Supplied records -
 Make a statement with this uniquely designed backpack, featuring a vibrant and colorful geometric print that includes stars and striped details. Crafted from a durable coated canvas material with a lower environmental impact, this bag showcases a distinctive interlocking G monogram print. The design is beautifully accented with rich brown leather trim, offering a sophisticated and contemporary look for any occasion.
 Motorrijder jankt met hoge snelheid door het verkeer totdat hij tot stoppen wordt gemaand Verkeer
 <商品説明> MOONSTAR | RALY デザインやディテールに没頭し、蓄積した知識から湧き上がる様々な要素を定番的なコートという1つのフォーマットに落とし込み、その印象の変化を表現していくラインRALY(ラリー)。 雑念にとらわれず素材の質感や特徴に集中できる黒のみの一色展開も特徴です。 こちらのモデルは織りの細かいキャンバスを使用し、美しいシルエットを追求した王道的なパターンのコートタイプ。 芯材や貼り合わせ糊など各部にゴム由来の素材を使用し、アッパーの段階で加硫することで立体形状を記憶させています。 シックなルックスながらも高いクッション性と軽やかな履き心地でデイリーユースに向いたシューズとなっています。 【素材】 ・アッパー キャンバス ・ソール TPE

---

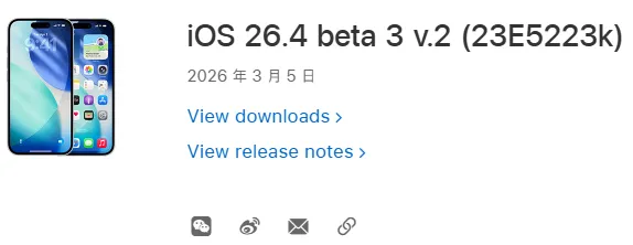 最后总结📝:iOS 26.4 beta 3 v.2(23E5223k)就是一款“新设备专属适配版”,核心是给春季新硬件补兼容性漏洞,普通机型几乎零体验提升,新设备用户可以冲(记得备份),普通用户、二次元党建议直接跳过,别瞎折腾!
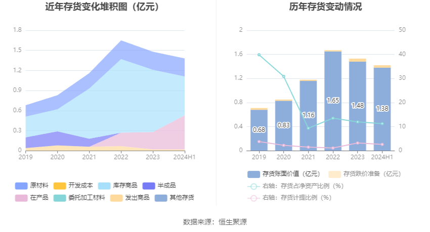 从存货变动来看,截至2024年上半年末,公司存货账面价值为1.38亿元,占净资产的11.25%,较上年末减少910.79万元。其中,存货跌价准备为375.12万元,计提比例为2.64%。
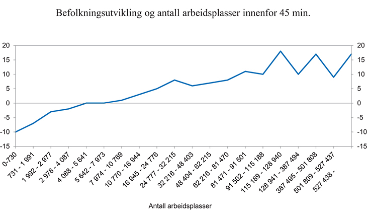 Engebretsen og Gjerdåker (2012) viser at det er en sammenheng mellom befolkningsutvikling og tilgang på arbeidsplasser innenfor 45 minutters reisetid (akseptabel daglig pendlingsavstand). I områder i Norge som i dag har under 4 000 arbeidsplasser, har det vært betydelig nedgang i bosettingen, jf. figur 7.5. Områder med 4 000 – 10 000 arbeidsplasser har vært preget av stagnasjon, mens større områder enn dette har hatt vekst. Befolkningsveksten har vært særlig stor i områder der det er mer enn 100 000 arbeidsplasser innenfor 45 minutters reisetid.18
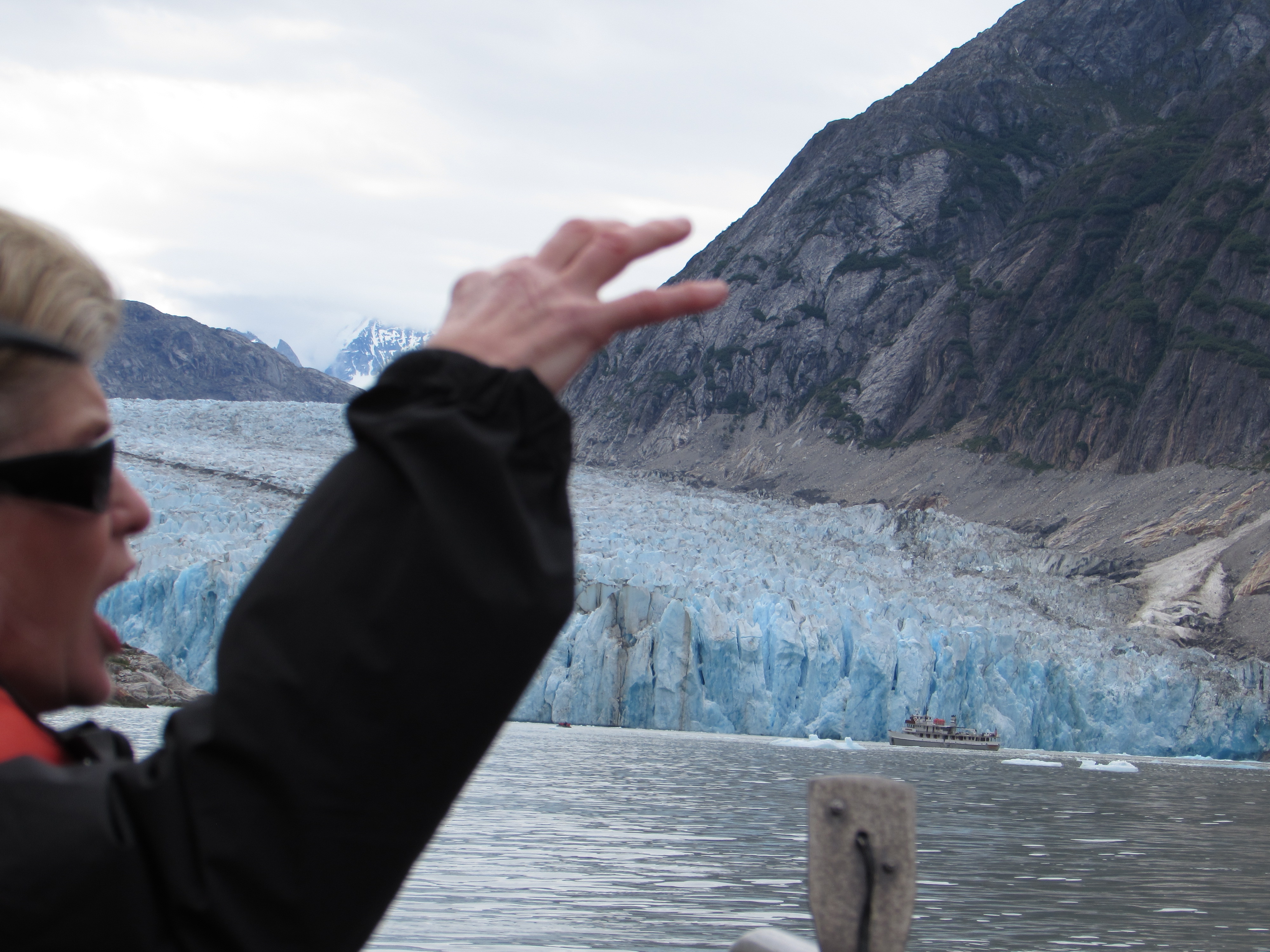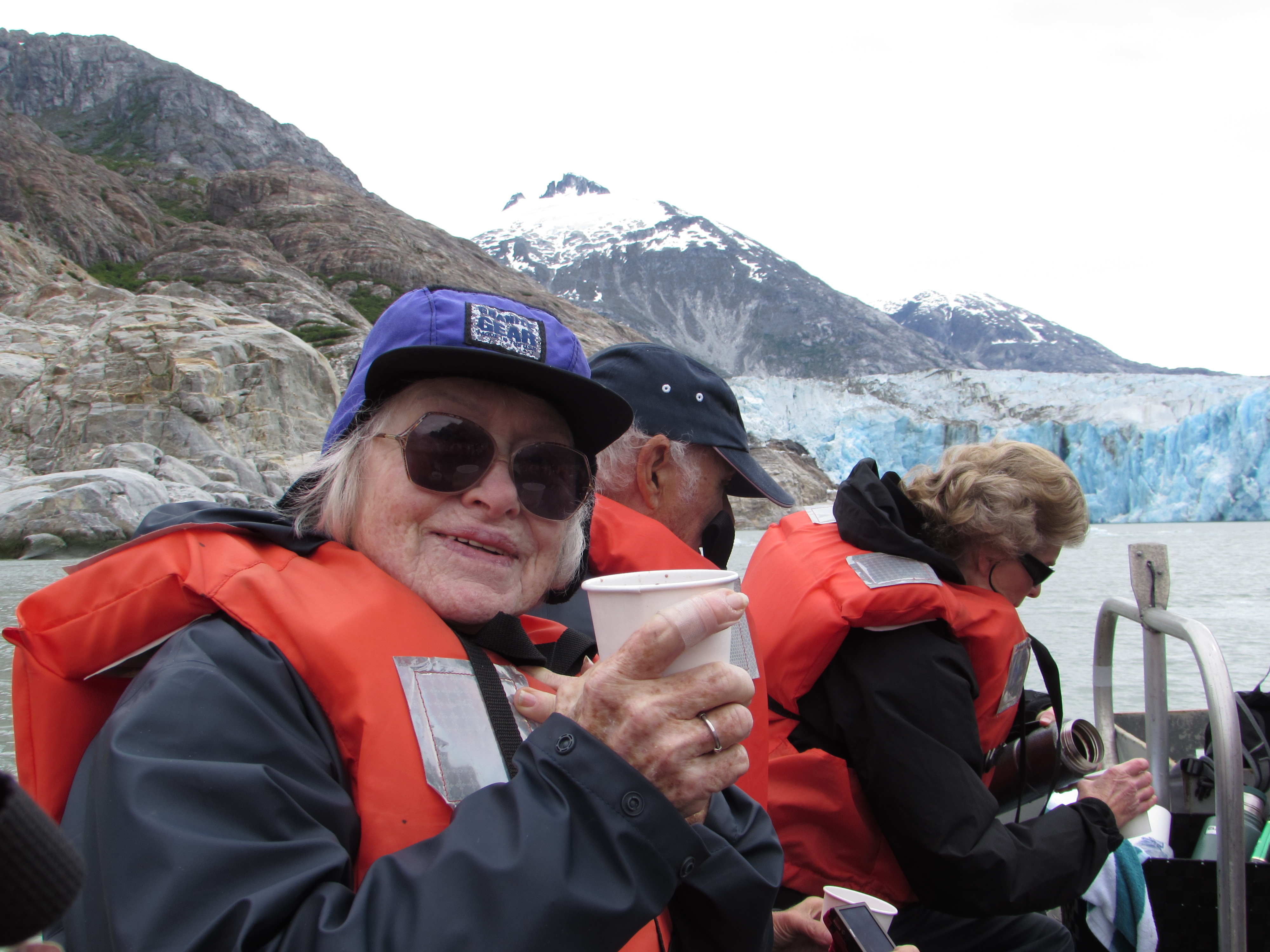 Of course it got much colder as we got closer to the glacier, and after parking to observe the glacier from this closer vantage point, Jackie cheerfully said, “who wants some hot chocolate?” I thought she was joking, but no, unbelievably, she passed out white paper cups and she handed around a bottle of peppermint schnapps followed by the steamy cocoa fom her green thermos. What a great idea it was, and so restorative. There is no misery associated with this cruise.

Work item - Retype exactly, and only, the lines above from the one where "Make a statement" occurs up to and including the one where "<商品説明> MOONSTAR |" occurs.

Task response -
 Make a statement with this uniquely designed backpack, featuring a vibrant and colorful geometric print that includes stars and striped details. Crafted from a durable coated canvas material with a lower environmental impact, this bag showcases a distinctive interlocking G monogram print. The design is beautifully accented with rich brown leather trim, offering a sophisticated and contemporary look for any occasion.
 Motorrijder jankt met hoge snelheid door het verkeer totdat hij tot stoppen wordt gemaand Verkeer
 <商品説明> MOONSTAR | RALY デザインやディテールに没頭し、蓄積した知識から湧き上がる様々な要素を定番的なコートという1つのフォーマットに落とし込み、その印象の変化を表現していくラインRALY(ラリー)。 雑念にとらわれず素材の質感や特徴に集中できる黒のみの一色展開も特徴です。 こちらのモデルは織りの細かいキャンバスを使用し、美しいシルエットを追求した王道的なパターンのコートタイプ。 芯材や貼り合わせ糊など各部にゴム由来の素材を使用し、アッパーの段階で加硫することで立体形状を記憶させています。 シックなルックスながらも高いクッション性と軽やかな履き心地でデイリーユースに向いたシューズとなっています。 【素材】 ・アッパー キャンバス ・ソール TPE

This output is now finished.